What to produce: Pictures found in the material must be left out, and every line returned as written.

Data:
*** Begin section ***

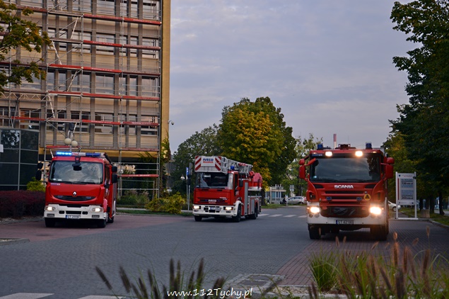 30 września około godziny 17.30 dyżurny tyskiej Straży Pożarnej otrzymał zgłoszenie przez system powiadamiania, o zagrożeniu pożarowym w budynku UM Tychy. Na miejsce wysłane zostały trzy zastępy z JRG Tychy (GBA, GCBA, SD). Po wejściu do budynku i jego sprawdzeniu okazało się, że nie ma żadnego zagrożenia, a przyczyną alarmu mogą być prowadzone prace remontowe lub uszkodzenie czujki. Po dokładnym sprawdzeniu budynku i sprawdzeniu okolicznych hydrantów po około 20 minutach działania zostały zakończone i strażacy wrócili do koszar.
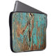Old blue paint on wood laptop sleeve
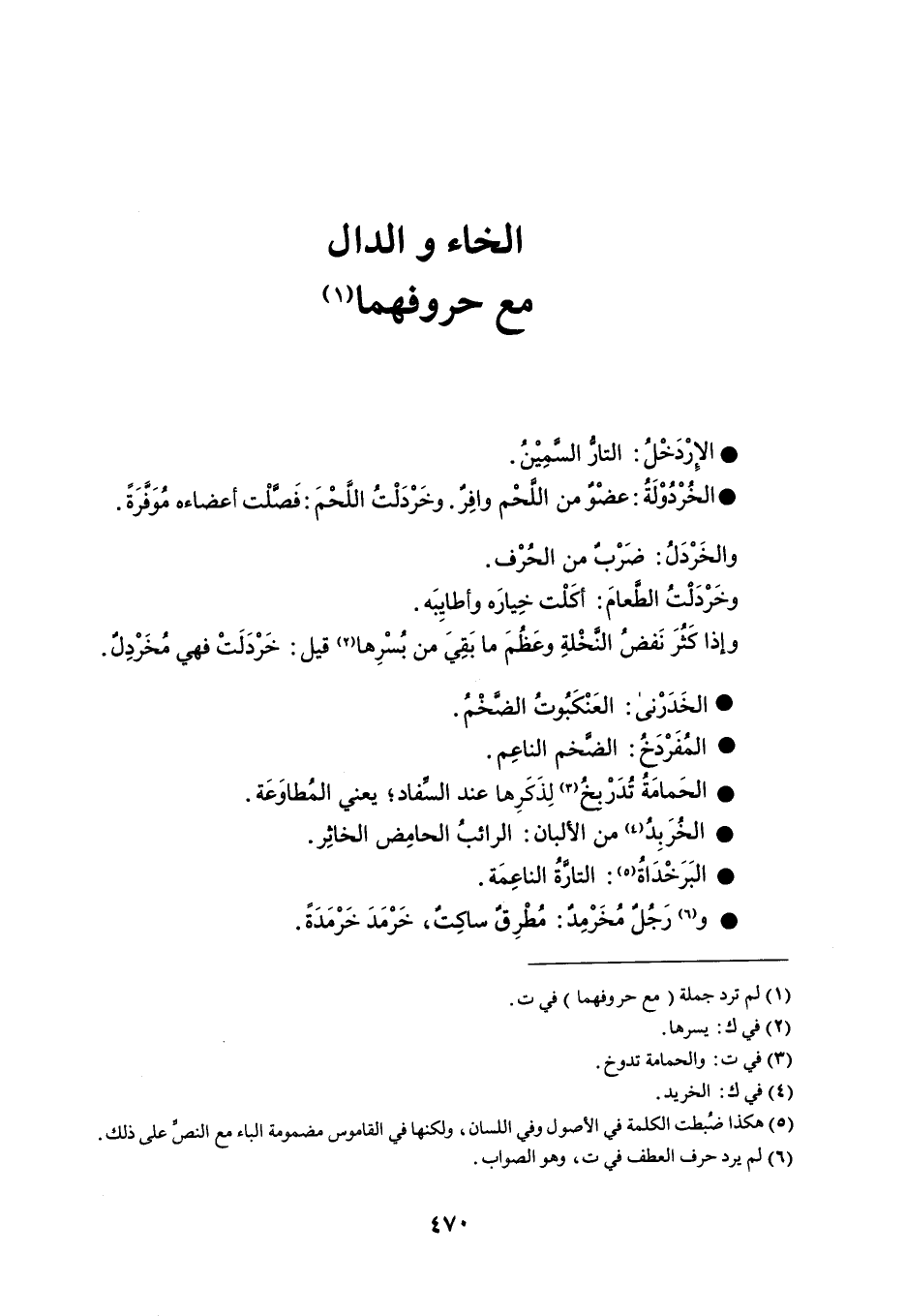 الإِرْدَخْلُ التارُّ السمِيْنُ . الخُرْدُوْلَةُ عضْوٌ من اللَّحْم وافِرٌ . وخَرْدَلْتُ اللَحْمَ فَصَّلْت أعضاءه مُوَفرَةً . والخَرْدَلُ ضَرْبٌ من الحُرْف . وخَرْدَلتُ الطعامَ أكَلْت خِيارَه وأطايِبَه . وإذا كَثُرَ نَفضُ النخْلةِ وعَظُمَ ما بَقِيَ من بُسْرِها قيل خَرْدَلَتْ فهي مُخَرْدِلٌ . الخَدَرْنى العَنْكَبُوتُ الضخْمُ . المُفَرْدَخُ الضَّخم الناعِم . الحَمامَة تدَرْبخُ لِذَكَرِها عند السفاد ؟ يعني المُطاوَعَة . الخُرَبِدُ من الألبان الرائبُ الحامِض الخاثِر . البَرَخْدَاةُ التارةُ الناعِمَة . ورَجُل مُخَرْمِدٌ مطْرقٌ ساكت ، خَرْمَدَ خَرْمَدَةً .

*** End section ***

Task output:
 30 września około godziny 17.30 dyżurny tyskiej Straży Pożarnej otrzymał zgłoszenie przez system powiadamiania, o zagrożeniu pożarowym w budynku UM Tychy. Na miejsce wysłane zostały trzy zastępy z JRG Tychy (GBA, GCBA, SD). Po wejściu do budynku i jego sprawdzeniu okazało się, że nie ma żadnego zagrożenia, a przyczyną alarmu mogą być prowadzone prace remontowe lub uszkodzenie czujki. Po dokładnym sprawdzeniu budynku i sprawdzeniu okolicznych hydrantów po około 20 minutach działania zostały zakończone i strażacy wrócili do koszar.
Old blue paint on wood laptop sleeve
 الإِرْدَخْلُ التارُّ السمِيْنُ . الخُرْدُوْلَةُ عضْوٌ من اللَّحْم وافِرٌ . وخَرْدَلْتُ اللَحْمَ فَصَّلْت أعضاءه مُوَفرَةً . والخَرْدَلُ ضَرْبٌ من الحُرْف . وخَرْدَلتُ الطعامَ أكَلْت خِيارَه وأطايِبَه . وإذا كَثُرَ نَفضُ النخْلةِ وعَظُمَ ما بَقِيَ من بُسْرِها قيل خَرْدَلَتْ فهي مُخَرْدِلٌ . الخَدَرْنى العَنْكَبُوتُ الضخْمُ . المُفَرْدَخُ الضَّخم الناعِم . الحَمامَة تدَرْبخُ لِذَكَرِها عند السفاد ؟ يعني المُطاوَعَة . الخُرَبِدُ من الألبان الرائبُ الحامِض الخاثِر . البَرَخْدَاةُ التارةُ الناعِمَة . ورَجُل مُخَرْمِدٌ مطْرقٌ ساكت ، خَرْمَدَ خَرْمَدَةً .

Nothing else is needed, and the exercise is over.